> [Assigned task]:
Every record must be copied exactly, except that pictures are dropped.

> [Information provided]:
....
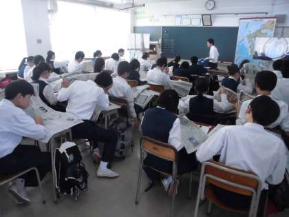 10月17日(水)、2年生の社会の授業では、新聞を活用しています。好きな記事を選んで、内容を要約して皆に伝える作業をしています。本校はNIE実践指定校でもありますので、様々に工夫を凝らしながら、新聞に親しむ授業づくりを行っています。
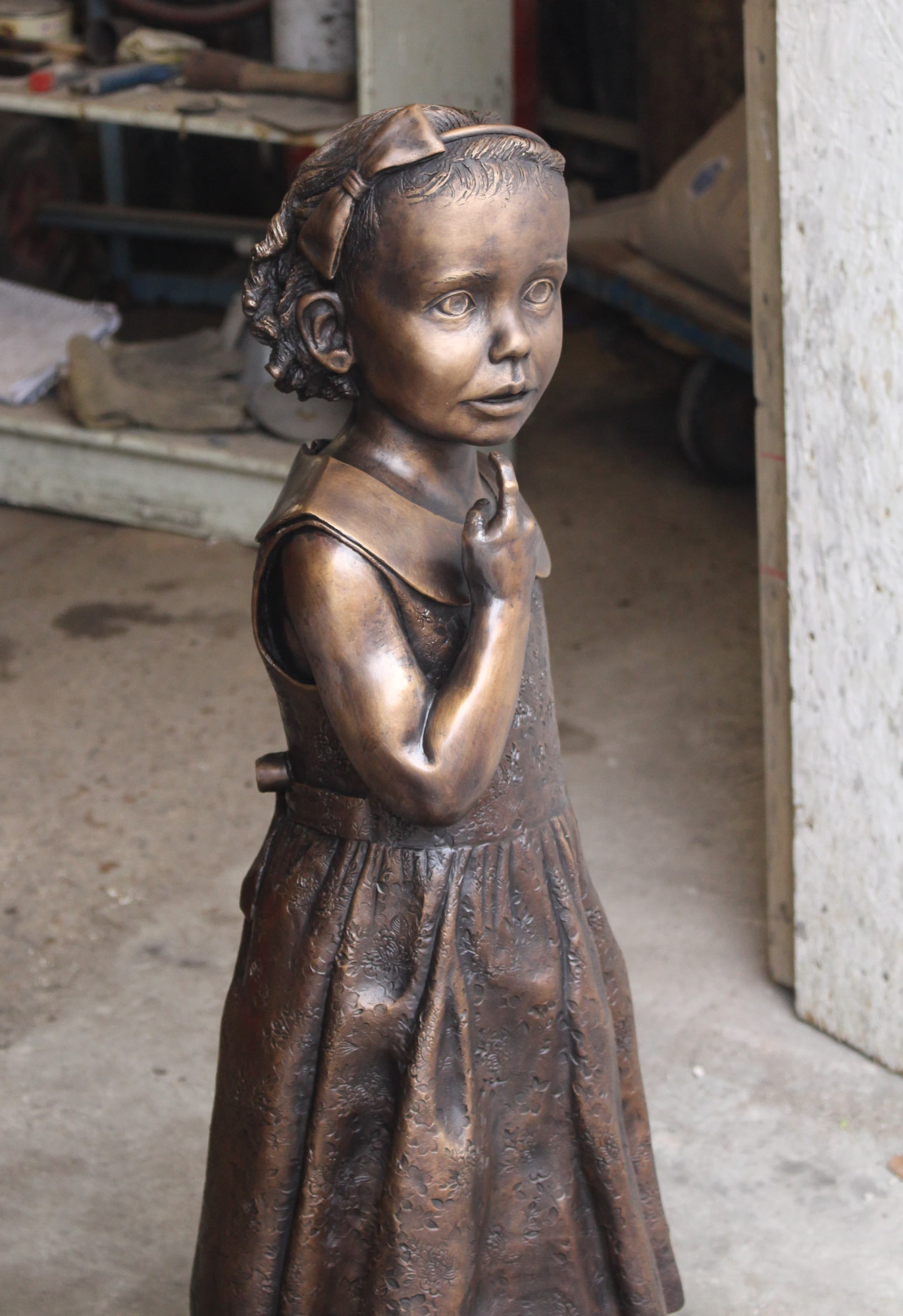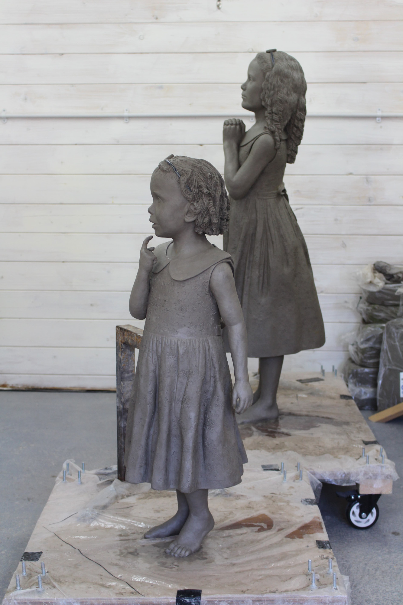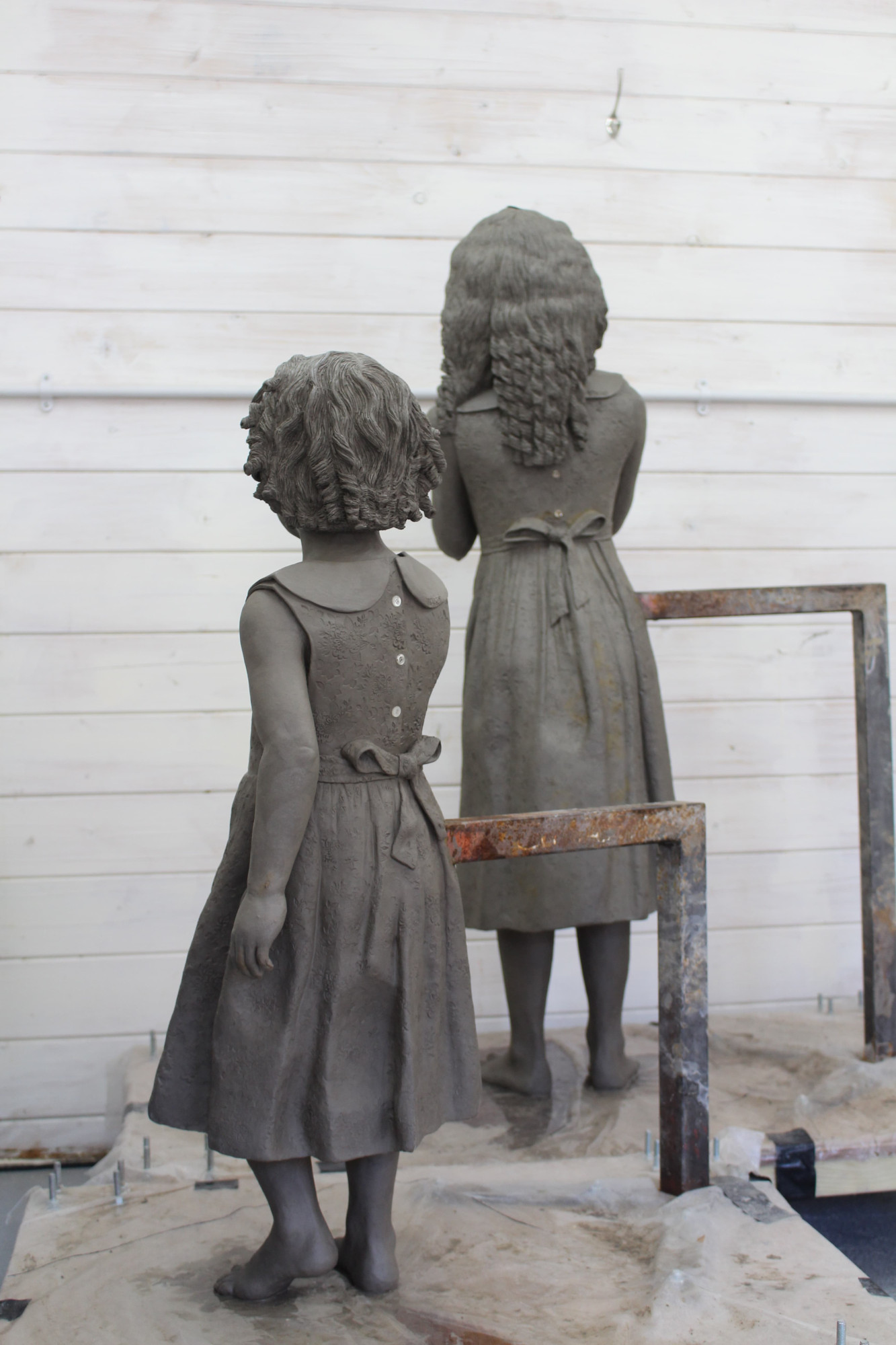 These two life size sculptures of two sisters were commissioned by the girls' family. The finished bronze sculptures were mounted on black granite plinths and show them wearing their summer dresses and characteristic headbands.
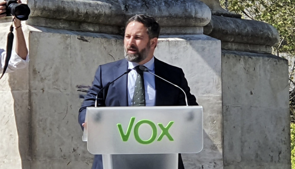 Así lo ha señalado el líder nacional de Vox en una convocatoria para la prensa y rodeado de unos 200 simpatizantes del partido en la Plaza Nueva de Sevilla, que la Policía Nacional ha acordonado previamente, algo que ha criticado Santiago Abascal.
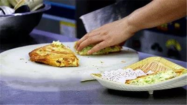 08 孫羊正店·雞蛋灌餅 金黃酥脆的雞蛋灌餅是游客來孫羊正店的必點(diǎn)小吃之一,每個雞蛋灌餅都會實(shí)實(shí)在在的打5到8個雞蛋,再放入絕配的搭檔——蔥花,經(jīng)過高溫加熱,美妙的融合在一起。當(dāng)“滋滋”聲響起時,雞蛋灌餅就可以出鍋了。
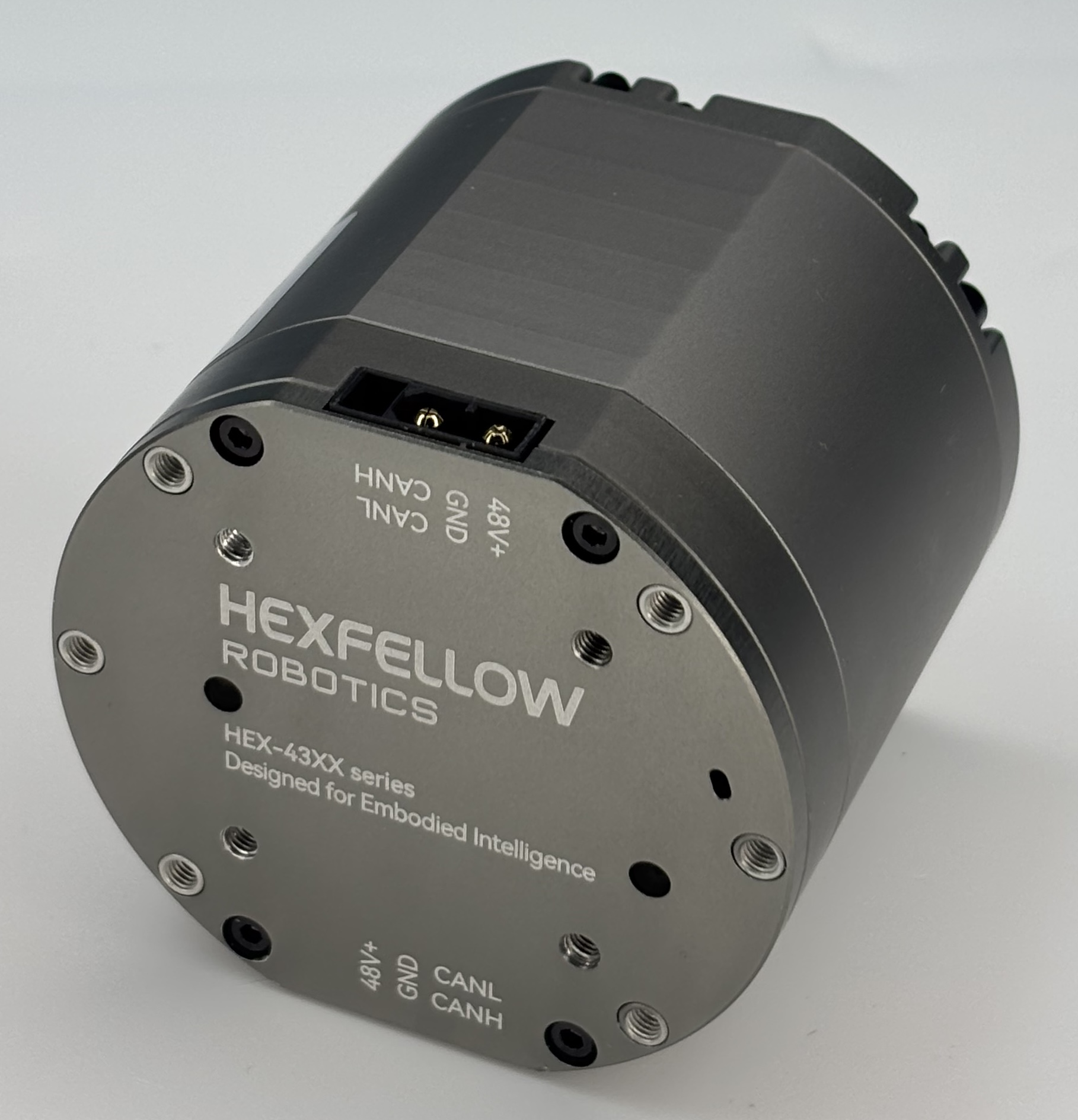 The HEX43xx series motors are integrated joint motors designed by HexFellow specifically for the embodied robotics industry. The series uses a planetary reduction system and offers advantages such as impact resistance, high torque transparency, low friction, and high cost-effectiveness. The motors feature integrated drive and control with CAN-FD communication, and support hardware timestamping, synchronization, MIT control, one-to-many control, and other functions.
....
> [The completed task]:
 10月17日(水)、2年生の社会の授業では、新聞を活用しています。好きな記事を選んで、内容を要約して皆に伝える作業をしています。本校はNIE実践指定校でもありますので、様々に工夫を凝らしながら、新聞に親しむ授業づくりを行っています。
 These two life size sculptures of two sisters were commissioned by the girls' family. The finished bronze sculptures were mounted on black granite plinths and show them wearing their summer dresses and characteristic headbands.
 Así lo ha señalado el líder nacional de Vox en una convocatoria para la prensa y rodeado de unos 200 simpatizantes del partido en la Plaza Nueva de Sevilla, que la Policía Nacional ha acordonado previamente, algo que ha criticado Santiago Abascal.
 08 孫羊正店·雞蛋灌餅 金黃酥脆的雞蛋灌餅是游客來孫羊正店的必點(diǎn)小吃之一,每個雞蛋灌餅都會實(shí)實(shí)在在的打5到8個雞蛋,再放入絕配的搭檔——蔥花,經(jīng)過高溫加熱,美妙的融合在一起。當(dāng)“滋滋”聲響起時,雞蛋灌餅就可以出鍋了。
 The HEX43xx series motors are integrated joint motors designed by HexFellow specifically for the embodied robotics industry. The series uses a planetary reduction system and offers advantages such as impact resistance, high torque transparency, low friction, and high cost-effectiveness. The motors feature integrated drive and control with CAN-FD communication, and support hardware timestamping, synchronization, MIT control, one-to-many control, and other functions.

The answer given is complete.